5. Heat transfer means as set forth in claim 4, in which each of said reservoirs comprises two concentrically-arranged spaced tubes of extended length providing inner and outer upwardly-extending flow paths in heat-exchange relationship, the inner flow path being connected for flow of working fluid therethrough and the outer path being connected for selective flow therethrough of hot and cold media to provide, respectively, heating and cooling of the reservoirs in accordance with whether they are operating as supply or collection reservoirs.
6. Heat transfer means as set forth in claim 5, including a superheater arranged in the primary circuit between the ejector means and the branch circuit inlet.
7. Heat transfer means comprising circuitry defining a closed flow path for circulating working fluid; a primary circuit forming part of said path and having two ends at one of which the working fluid is at a high pressure and at the other of which the working fluid is at a low pressure; a working fluid supply reservoir and a working fluid collection reservoir disposed respectively at said two ends; ejector means in said primary circuit; a drive fluid inlet, an exhaust outlet and a suction inlet provided on said ejector means; a liquified working fluid flow path in said primary circuit and extending from lower end-portions of the reservoir to the drive fluid inlet of the ejector means; a further flow path extending from the exhaust outlet of the ejector means to means for cooling and liquifying vaporized working fluid flowing from the ejector means; a branch circuit bridging a section of the primary circuit; an outlet end of said branch circuit connected to the suction inlet of the ejector means and an inlet end of the branch circuit connected to receive liquified working fluid from said liquified working fluid flow path of the primary circuit; an expansion valve in said branch circuit and an evaporative heat-exchanger connected for flow therethrough of working fluid flowing from the expansion valve towards the suction inlet; heating means associated with the reservoirs and operable to raise the temperature of liquified working fluid in the fluid supply reservoir; and, valve means to interchange, periodically, the functions of the two reservoirs when the fluid supply reservoir is full and the fluid collection reservoir is empty.

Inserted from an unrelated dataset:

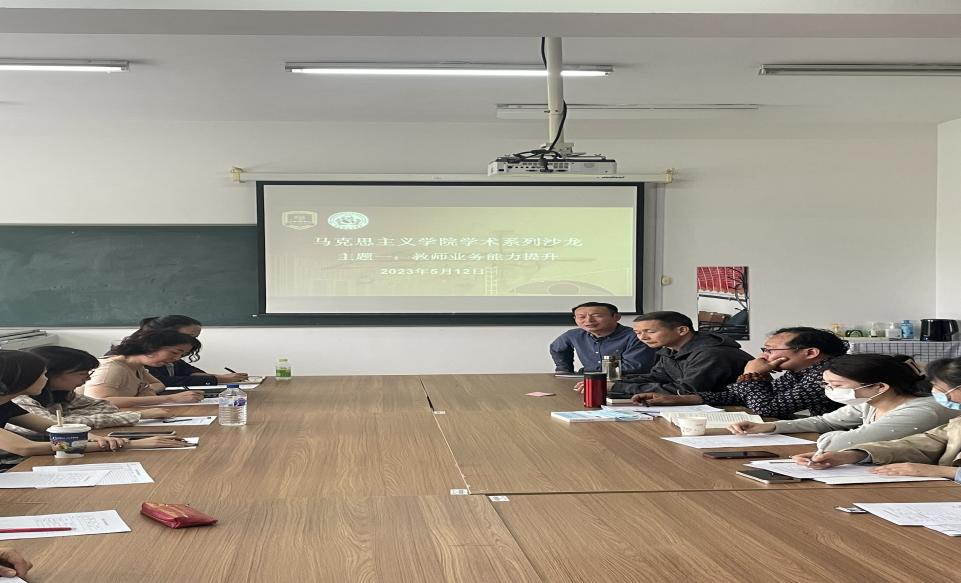 为加强马克思主义学院思政课教师队伍建设,提升思政课教师业务能力,推进思政课改革创新,2023年5月12日下午,马克思主义学院以“教师业务能力提升”为主题举办学术系列沙龙活动。本次活动由崔永军院长主持,郑明志、王金、张绍珂、孙颖四位老师做主旨发言,学院全体思政课教师参加本次活动并展开热烈研讨交流。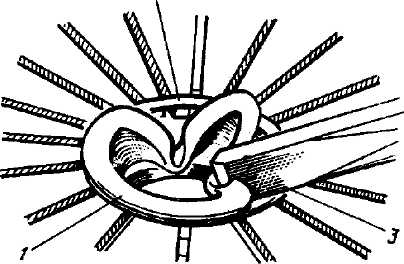 Рис. 60. Удаление центральной втулки крепления опорной пяты: 1 - центральная втулка; 2 - пружинное кольцо; 3 - зубило Для замены изношенной опорной пяты 7 и кольца 12 удалите центральную втулку крепления пяты, как показано на рис. 60, деформировав фланец центральной втулки 1 с помощью молотка и зубила 3. Для предупреждения повреждения во время удаления втулки опорной пяты и других деталей сцепления поместите опорную пяту в фиксирующую оправку ремонтного инструмента подобно тому, как показано на рис. 61. При наличии токарного станка срежьте упорный фланец центральной втулки 11 (см. рис. 57) резцом.

8. Heat transfer means as set forth in claim 7, in which said liquified working fluid flow path is connected in parallel with the branch circuit.
9. Heat transfer means as set forth in claim 8, having a cooler connected in the primary circuit between the reservoir and the branch circuit.

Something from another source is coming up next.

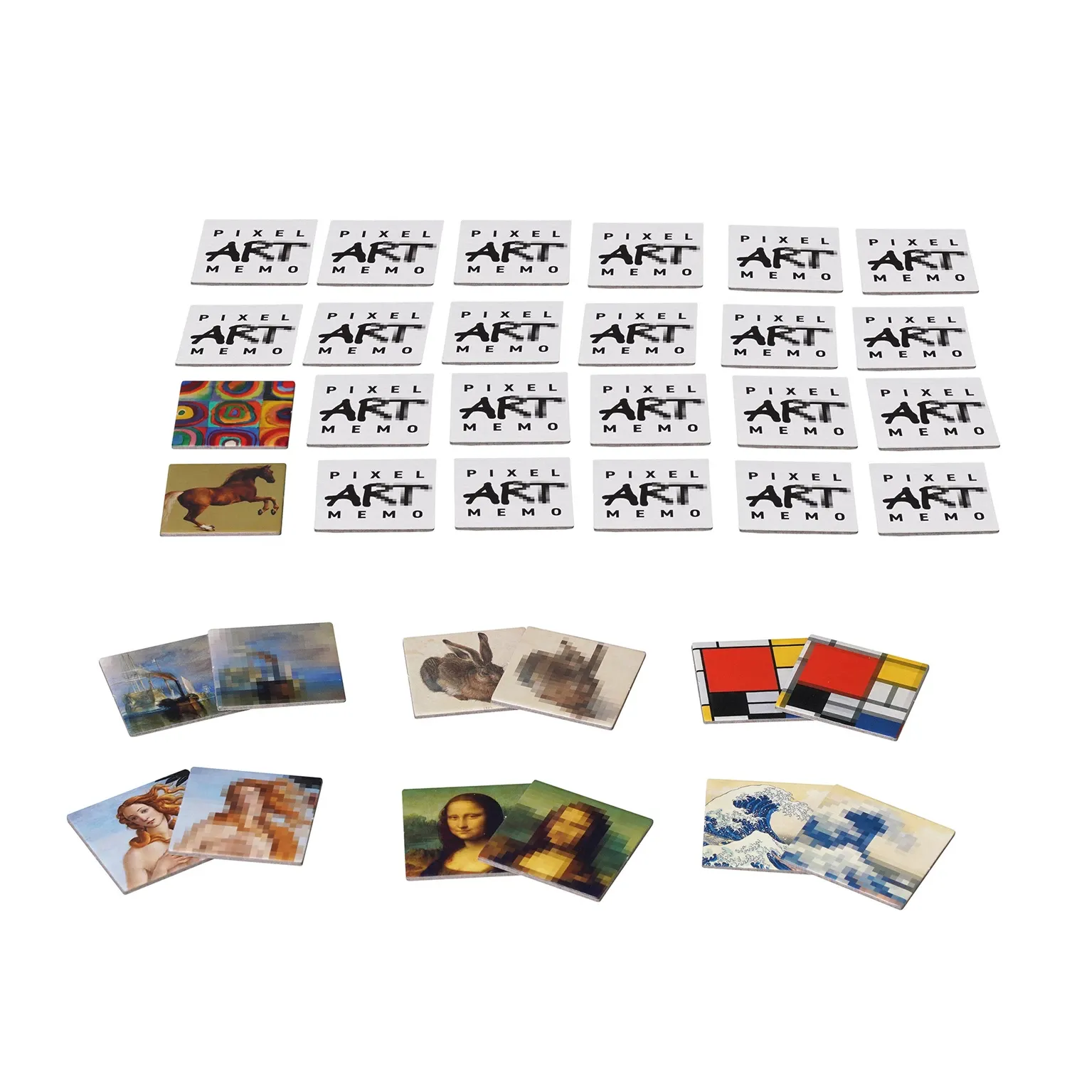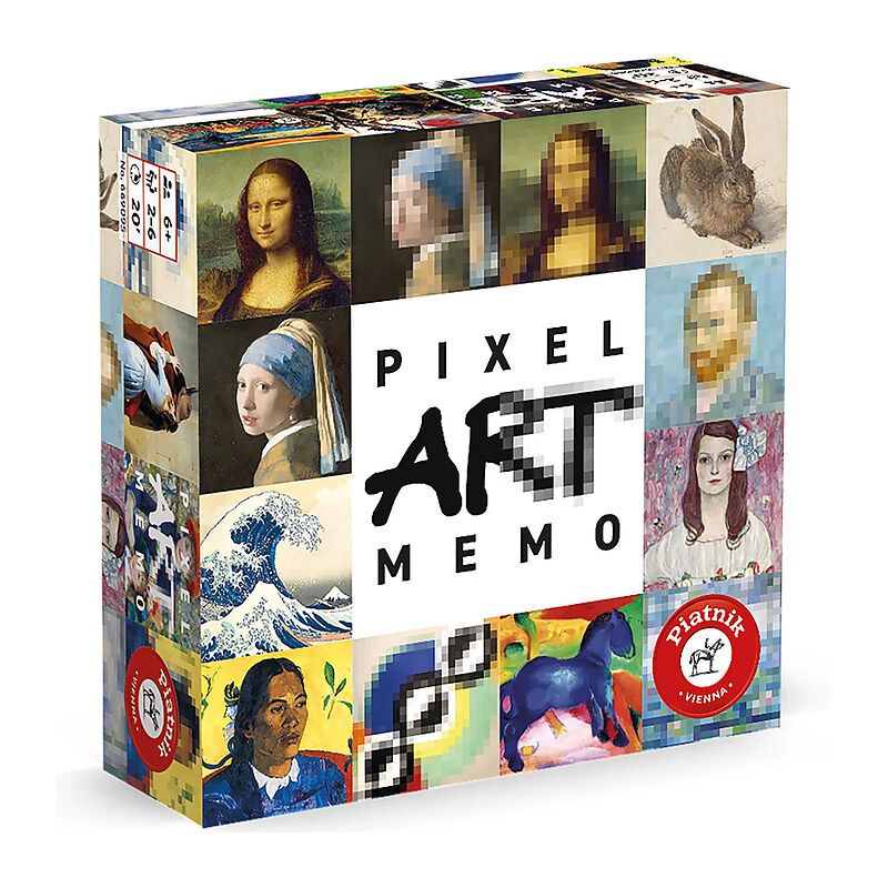 27 Motive bekannter Kunstwerke aus aller Welt, auf hochwertigen Karton-Plättchen, gilt es nach Memory-Art zu finden. In diesem speziellem Memo müsst ihr das Original mit seinem verpixelten Bild in Verbindung bringen. Alle Kärtchen werden gemischt und mit der B...

10. Heat transfer means as set forth in claim 9, having a second heat exchanger providing two mutually isolated flow passages in heat exchange relationship, one of said passages forming part of a flow path extending between said cooler and said expansion valve, and the second of said passages forming part of a flow path extending between the evaporative heat exchanger and the suction inlet of the ejector means.
11. Heat transfer means as set forth in claim 10, forming part of an air-conditioning unit having a means for circulating air past said evaporative heat exchanger, and including reversing valve means controlling the path taken by the working fluid in the branch circuit and which is selectively operable between two positions to provide heating and cooling of the air stream respectively.

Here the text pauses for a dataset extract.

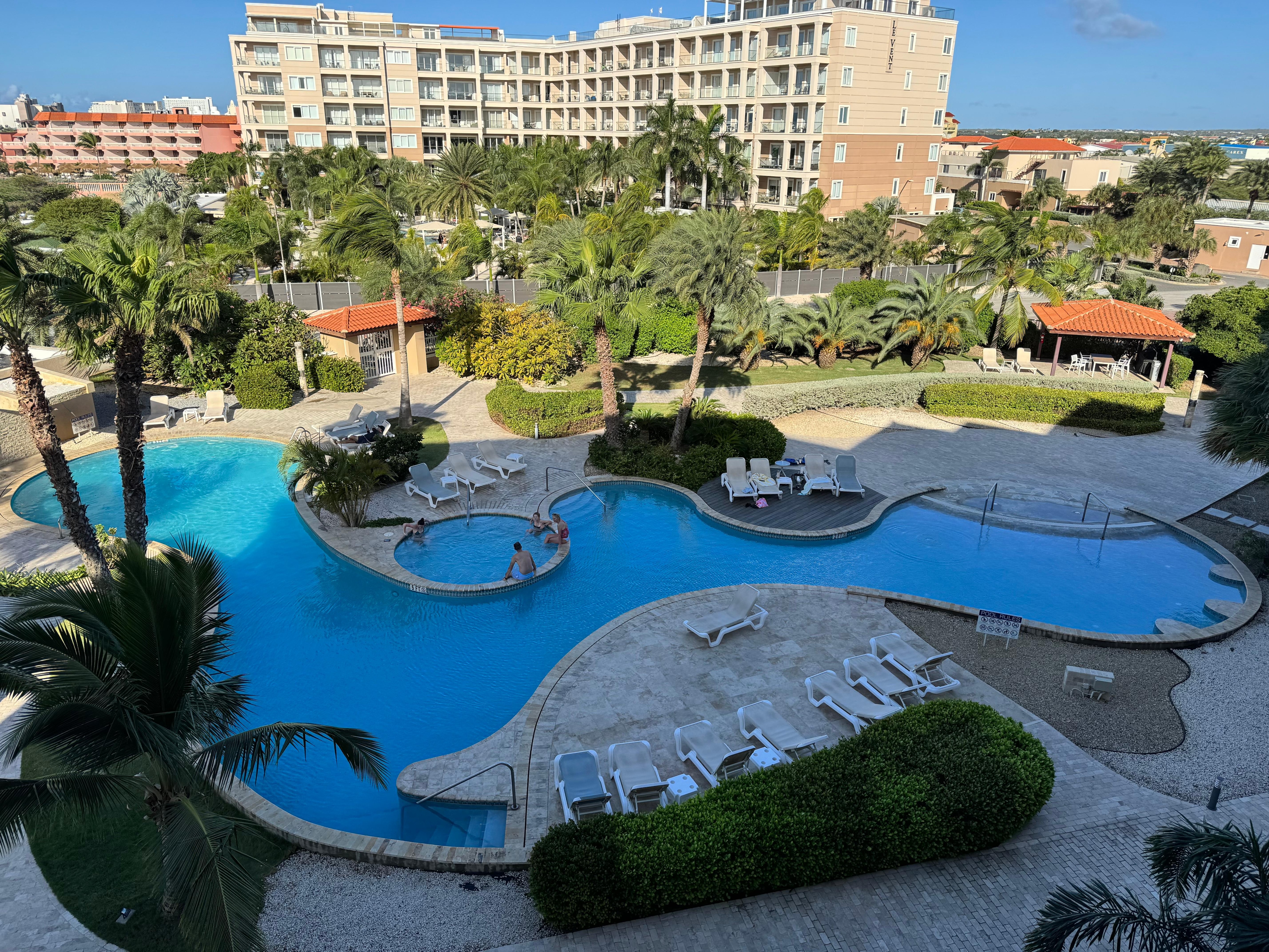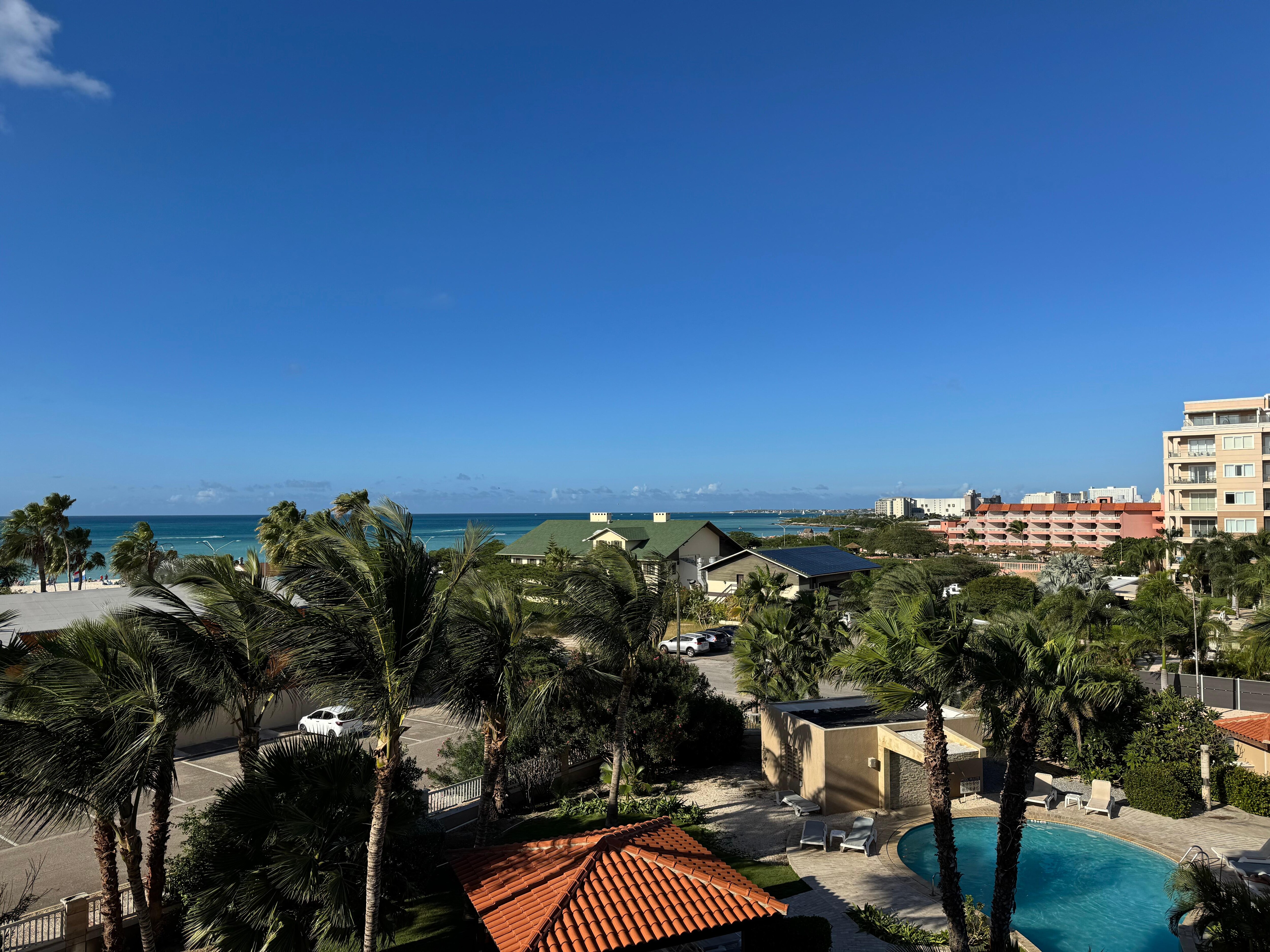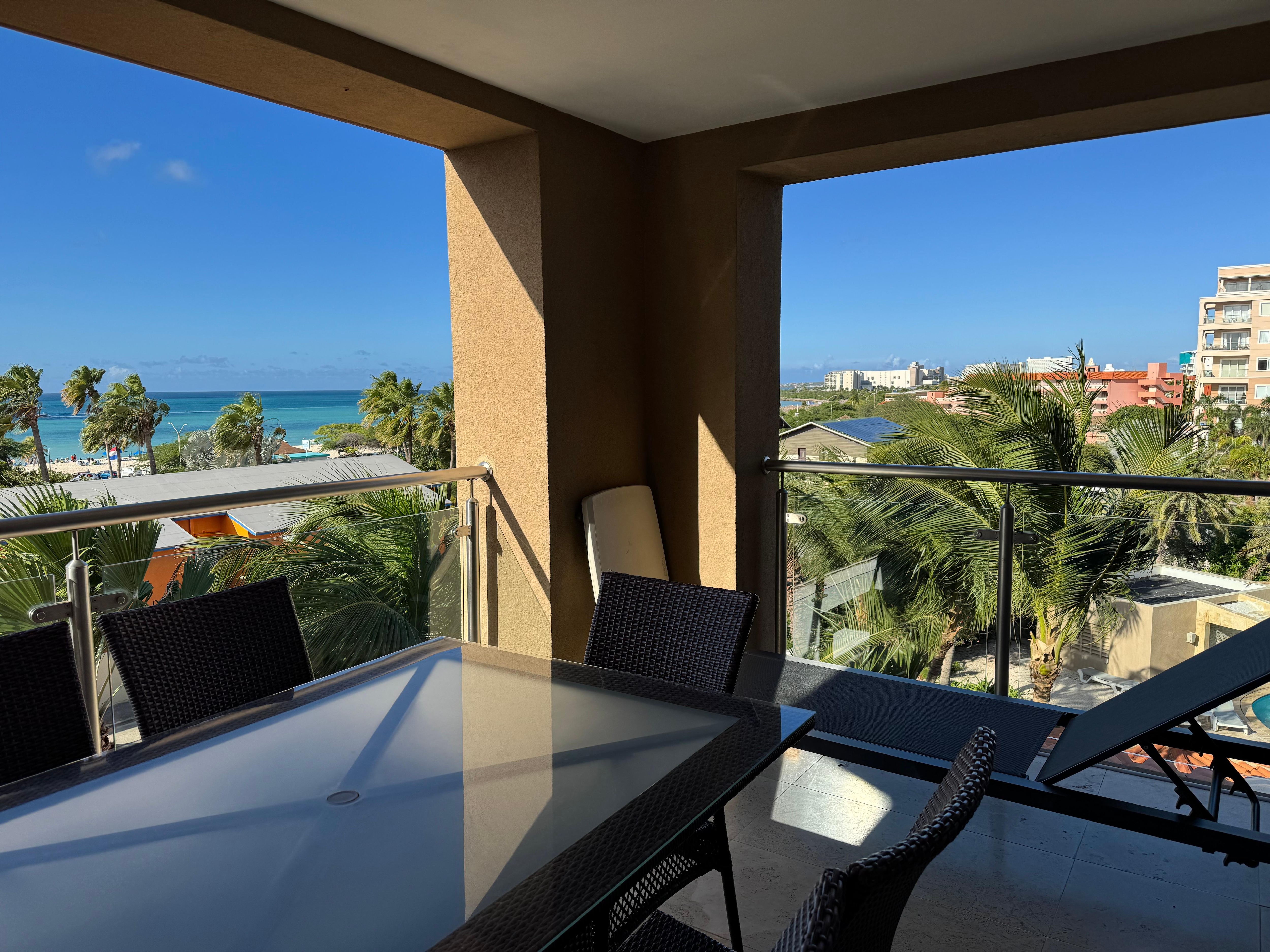 A poca distancia de buenos restaurantes en la isla como el Chalet Suisse, Screaming Eagle, Passions on the Beach, también muy cerca del supermercado más grande y moderno de Aruba, Superfood.

The circuitry shown in FIG. 1 comprises two tanks 1 and 2 providing reservoirs for a liquified working fluid such as that known commercially as "FREON", or one of the other commercial refrigerants known commercially in Australia as "R-11", "R-12", "R-500", "R-501" or "R-502". By suitably adapting the pressure and temperature parameters of use, the circuitry can be used with most refrigerants which undergo changes in phase while travelling around a closed circuit. The tank 1 is shown in FIG. 1 three-quarters filled with liquified working fluid and the tank 2 is shown only a quarter filled.
The tanks 1 and 2 respectively contain heating means provided by tube coils 3 and 4, respectively, which have associated valves 5 and 6 controllable to allow a heating medium such as hot water to engine gas, to flow selectively through the coils.
The tanks 1 and 2 have top outlets controlled by valves 7 and 8 which connect the upper ends of the tanks via an optional superheater 9, to a vapour drive inlet 10 of an ejector 12. The ejector 12 has a vapour outlet 11 connected through a condenser 13 to non-return valves 14,15 for returning liquified working fluid to whichever of the tanks 1,2 is at the lower pressure. The part of the circuitry thus far described will be referred to hereafter as "the primary circuit".
The circuitry is provided with a branch circuit 16 connected at its inlet end 17 to receive part of the vapourised working fluid from the tanks 1,2. If the optional superheater 9 is used, the inlet end 17 is disposed upstream of the superheater 9.
The branch circuit 16 contains a condenser 18 to liquify the working fluid, an expansion valve 19 through which the liquified working fluid is adiabatically expanded into an evaporator 20 which is cooled thereby. The outlet end of the branch circuit 16 is connected to a suction inlet 21 of the ejector 12.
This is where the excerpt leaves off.